De L'Isle's work was important as marking a transition from the maps of the Dutch school, which were highly decorative and artistically-orientated, to a more scientific approach. He reduced the importance given to the decorative elements in maps, and emphasized the scientific base on which they were constructed. His maps of the newly explored parts of the world reflect the most up-to-date information available and did not contain fanciful detail in the absence of solid information. It can be fairly said that he was truly the father of the modern school of cartography at the commercial level.
De L'Isle also played a prominent part in the recalculation of latitude and longitude, based on the most recent celestial observations. His major contribution was in collating and incorporating this latitudinal and longitudinal information in his maps, setting a new standard of accuracy, quickly followed by many of his contemporaries. Guillaume De L'Isle's work was widely copied by other mapmakers of the period, including Chatelain, Covens & Mortier, and Albrizzi.
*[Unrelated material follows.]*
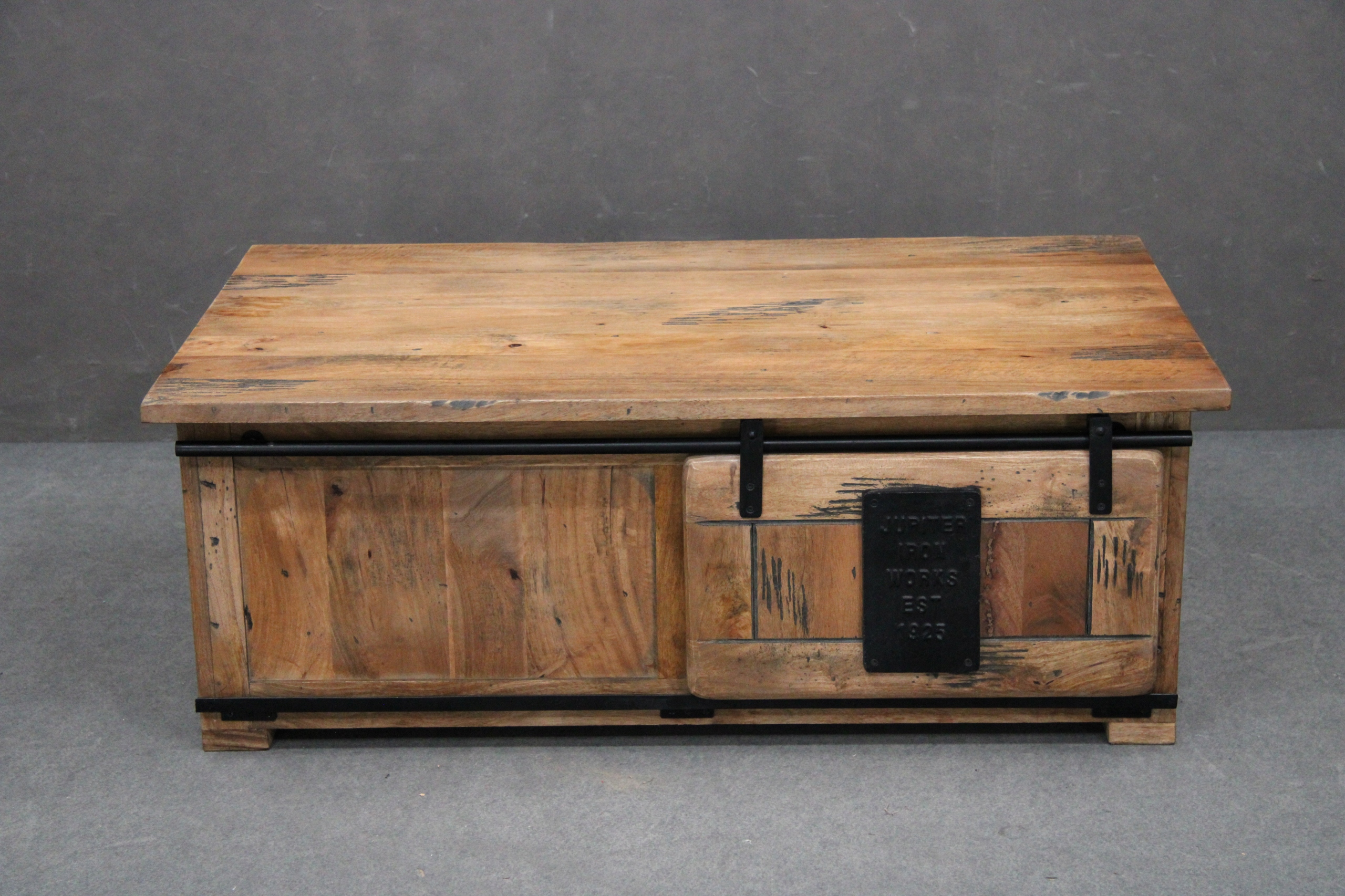 Маленька дерев’яна лавка нова. Зроблено з індійського дерева манго. Двері, зроблені в промисловому стилі на валиках з металевою обробкою на фронтах. У журнальному столику є розсувні двері з обох боків, тож ви можете мати повністю відкриту полицю або одну сторону. Таблиця може мати різні комбінації залежно від планування дверей. Кожен предмет меблів унікальний завдяки ручному виробництву та видам дерева. Він відрізняється кольорами та структурою дерева (невеликі тріщини, отвори, делікатні порожнини, які зроблені навмисно), це підкреслює індивідуальність меблів.

Covens & Mortier was an Amsterdam publishing company that was in business from 1721 to 1866. Pierre Mortier (1661-1711) was an engraver and mapmaker born in Leiden. Mortier was in Paris from 1681 to 1685 and secured the right to publish French maps in Amsterdam. His son, Cornelis (1699-1783), joined forces with Johannes Covens I (1697-1774). The partnership accumulated a huge reserve of maps to sell from Johannes Janssonius, Nicolas Sanson, and, of course, Guillaume De L'Isle, which they reissued frequently.